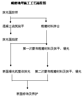 (1)耐磨材料撒布的時機隨氣候、溫度、混凝土配合比等因素而變化。撒布過早會使耐磨材料沉入混凝土中而失去效果;撒布太晚混凝土已凝固,會失去粘結(jié)力,使耐磨材料無法與其結(jié)合而造成剝離。判別耐磨材料撒布時間的方法是腳踩其上,約下沉5mm時,即可開始第一次撒布施工。
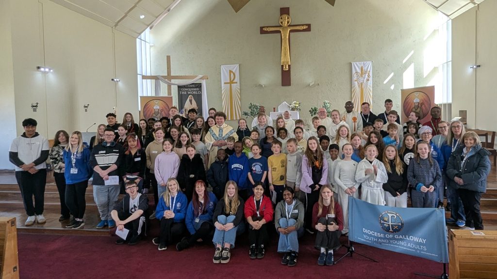On Saturday, sixty-five young people, as well as adult youth leaders and Caritas volunteers from across our Diocese gathered at St Teresa’s Church, Dumfries, for the @rcdgyouth Easter Youth Gathering. Over the course of the day, they spent time playing a variety of different games – led by the Youth Office’s S3 Junior Leader and S4 Mentors – as well as hearing talks on the theme of the Holy Spirit as part of our Diocesan Year of Prayer. The talks focused on the Gifts of the Holy Spirit and how the young people are invited to use them.
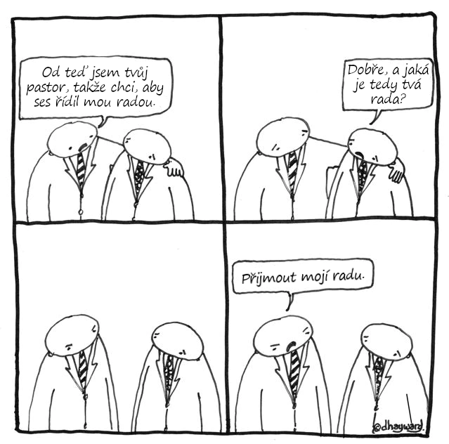 Když vám řeknou: „Tohle je moje rada“, obvykle tím myslí: „Tohle je můj rozkaz!“ Ono není vhodné dávat rozkazy, proto se to prezentuje jako rada. Radu však můžete přijmout, nebo odmítnout. Rozkaz nikoliv. Takže velmi rychle zjistíte, že radu, kterou dostanete, nemůžete jen tak nechat být. Pokud ji nepřijmete, přijde výprask. Vedoucí prostě nesnesou, když jejich rady nepřijímáte. Jsou totiž přesvědčeni, že jejich rady nejsou jen dobrým návrhem, ale jsou i jedinou správnou věcí. A pokud neuděláte onu správnou věc, tak děláte něco špatně. Jdete proti nim, proti jejich doporučení, proti jejich moudrosti, proti jejich přání a v neposlední řadě, proti jejich autoritě. Když vám tedy pastor nebo vedoucí dává radu, je to ve skutečnosti rozkaz. Pamatujte si to.

:: BRIEF ::
Repeat the listing above in full, exactly, and omit its pictures.

:: TASK OUTPUT ::
 (1)耐磨材料撒布的時機隨氣候、溫度、混凝土配合比等因素而變化。撒布過早會使耐磨材料沉入混凝土中而失去效果;撒布太晚混凝土已凝固,會失去粘結(jié)力,使耐磨材料無法與其結(jié)合而造成剝離。判別耐磨材料撒布時間的方法是腳踩其上,約下沉5mm時,即可開始第一次撒布施工。
On Saturday, sixty-five young people, as well as adult youth leaders and Caritas volunteers from across our Diocese gathered at St Teresa’s Church, Dumfries, for the @rcdgyouth Easter Youth Gathering. Over the course of the day, they spent time playing a variety of different games – led by the Youth Office’s S3 Junior Leader and S4 Mentors – as well as hearing talks on the theme of the Holy Spirit as part of our Diocesan Year of Prayer. The talks focused on the Gifts of the Holy Spirit and how the young people are invited to use them.
 Když vám řeknou: „Tohle je moje rada“, obvykle tím myslí: „Tohle je můj rozkaz!“ Ono není vhodné dávat rozkazy, proto se to prezentuje jako rada. Radu však můžete přijmout, nebo odmítnout. Rozkaz nikoliv. Takže velmi rychle zjistíte, že radu, kterou dostanete, nemůžete jen tak nechat být. Pokud ji nepřijmete, přijde výprask. Vedoucí prostě nesnesou, když jejich rady nepřijímáte. Jsou totiž přesvědčeni, že jejich rady nejsou jen dobrým návrhem, ale jsou i jedinou správnou věcí. A pokud neuděláte onu správnou věc, tak děláte něco špatně. Jdete proti nim, proti jejich doporučení, proti jejich moudrosti, proti jejich přání a v neposlední řadě, proti jejich autoritě. Když vám tedy pastor nebo vedoucí dává radu, je to ve skutečnosti rozkaz. Pamatujte si to.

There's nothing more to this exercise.